Hi there. I've looked everywhere online and can't seem to get a straight answer to this.
My mom is getting married and moving in with her husband. She has decided to give my sister her house. The house is valued at $80,000. My mother purchased it for $73,000 about 3 years ago.

What are the tax implications for my mother and sister in this situation? I know there are land transfer taxes, but what else?


----------



## Square Root (Jan 30, 2010)

if it was her principal residence there should be no tax implications to your mother. Your sister's cost base will be market value at date of transfer.


----------



## MoneyGal (Apr 24, 2009)

What SR said.


----------



## KitKat270 (Feb 27, 2012)

Sorry, but I'm really not too knowledgable about this kind of stuff. What is a cost base? Please dumb this down for me lol
I basically want to know if my sister will get heavily taxed at some point, either right now when she gets the house or later down the road when she goes to sell it. She is planning on living in it for a couple years.
Thanks.


----------



## Young&Ambitious (Aug 11, 2010)

cost base = acquisition cost. 

Your mother won't be impacted as she can use the principal residence exemption on any property value gains, your sister will be able to use the same exemption down the road for any property value gains.


----------



## Eclectic12 (Oct 20, 2010)

KitKat270 said:


> Hi there. I've looked everywhere online and can't seem to get a straight answer to this.
> My mom is getting married and moving in with her husband. She has decided to give my sister her house. The house is valued at $80,000. My mother purchased it for $73,000 about 3 years ago.
> 
> What are the tax implications for my mother and sister in this situation? I know there are land transfer taxes, but what else?

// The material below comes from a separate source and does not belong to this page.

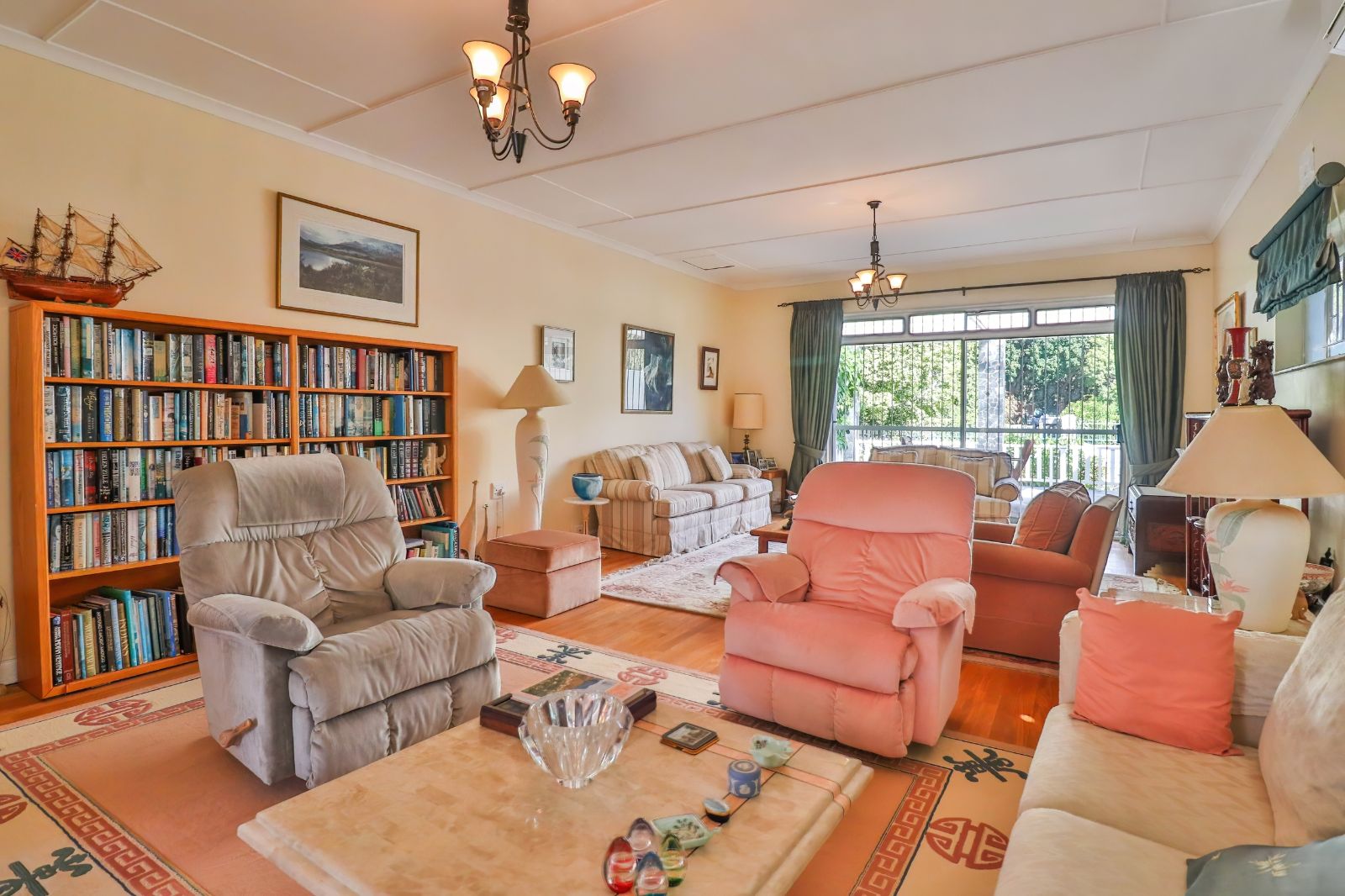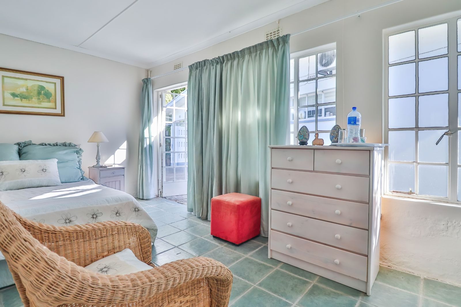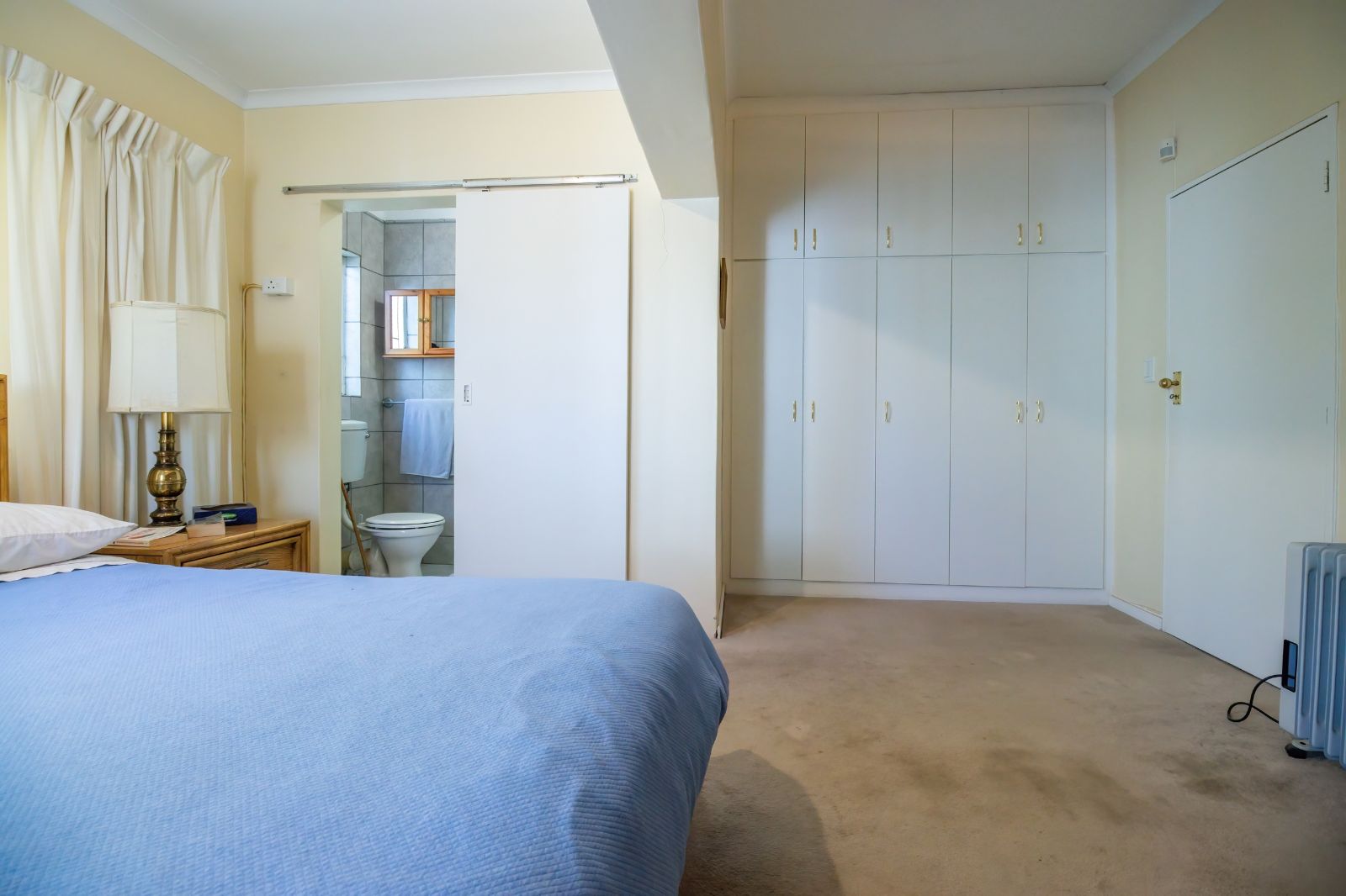 2 Bedrooms each boast an en-suite bathroom, built in cupboards and air-conditioning. One of these bedrooms open up to the beautiful back garden. The third bedroom has been converted into an office and is served by its own full family bathroom.

There will be all of the costs, with any applicable taxes that would happen during a regular sale. As an example, the real estate lawyer will need to be paid and any taxes on their services.

The main fees plus related taxes that will be avoided will be real estate agent.


As several others have pointed out, if the house is your mom's principal residence, there are no tax implications for her. 

In your sister's case - will it be her principal residence or a rental property? 

If it's a principal residence, there are no tax implications for your sister either. 

If it's a rental property, she would be wise to get a couple of appraisals to establish the fair market value, which will be the cost base for when the house is sold.


Cheers


----------



## andrewf (Mar 1, 2010)

I'm just flabbergasted at the thought of an $80k house.


----------



## stephenheath (Apr 3, 2009)

Couldn't you just have the lawyer add the sister's name to the deed and not bother with the rest of it? Maybe ask the lawyer that is going to do the paperwork (since that part is essential) how to do it to minimize costs/taxes?


----------